Nasdaq Quiet on New FPGA Feed Outages

Nasdaq technical glitch hits Apple Facebook and Microsoft
Adam Honoré, research director at Aite Group

Nasdaq OMX took its new hardware-enabled TotalView-ITCH FPGA datafeed offline for periods of time on consecutive days last week, after the feed experienced undisclosed issues and interruptions.

At 2:55pm last Tuesday, Aug. 21, Nasdaq alerted data subscribers and traders that the feed was experiencing an issue, and advised firms to use their multicast ITCH feed as a backup, later advising that the feed would likely remain offline for the remainder of the day.

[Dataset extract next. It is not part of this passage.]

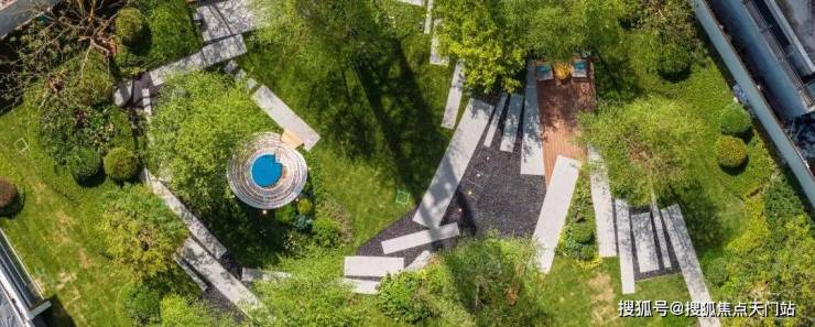 中岛水景,池底采用蓝钻花岗岩和阿尔卑斯灰仿石砖拼花定制星语言铺地,包括两边景墙立面选用高端的爱马仕灰奢石,彰显出顶级石材的大气典雅。包括景墙转角的弧面,工艺难度非常大。

At 10:23am on Wednesday, Aug. 22, Nasdaq suffered another undisclosed issue that interrupted the primary version of the FPGA feed, forcing the exchange to fail over to a secondary version of the FPGA feed shortly thereafter.

A spokesperson tells Inside Market Data that the FPGA feed was intermittent on Wednesday, prompting Nasdaq to use a backup version for reliability, but was fully restored on Thursday. The spokesperson says the exchange has identified the cause of the failures, but declines to provide specific details, citing security reasons.

Nasdaq launched the feed on Aug. 1 to provide more deterministic latency under peak message volume conditions (IMD, Aug. 20), though—according to data traffic monitoring website marketdatapeaks.com—message volumes were not excessive around the outages.

Sources familiar with FPGA usage contacted by IMD were baffled as to the cause of the problems. “FPGAs are great for dealing with the volume problems that the markets are experiencing today, with multiple marketplaces, voluminous order books, and the need to consolidate all that information back together,” says a marketing executive at one technology vendor, adding that these benefits have led to FPGAs being embraced widely for processing incoming data—though not as much for optimizing data distribution in the way that Nasdaq is using its FPGA feed. “But they are very hard to work with,” he adds, citing the complex calculations required to create the processes that will run on the FPGA processor.

In addition to being complex, FPGAs are also more rigid than working with software, says Adam Honoré, research director at Aite Group. “The problem with FPGAs is that you can’t just register a new DLL (Dynamic Link Library) or throw a new Java object out there when you need to change something. You have to code it, test it, and flash the cards, which means you can’t do anything to fix a live feed without bringing it down.  Further, it’s not easy to test in the first place, and it takes forever to expand usage,” Honoré adds.

And just as the process of coding for FPGAs takes much longer than software because the standard libraries of functions that software programmers take for granted—such as the ability to write to and read memory—don’t exist in hardware, finding out what causes problems can be equally difficult because FPGAs do not generate core dump files when an error occurs, as CPU operating systems do, says one data technologist. “Nasdaq is wise to get into the FPGA space… but it takes a long time, and can be considerably harder to identify problems,” he says. “You can’t hardware-accelerate a plate of spaghetti, which is what some platforms look like—you have to design the platform to be accelerated with very simple flows that don’t need changing constantly.”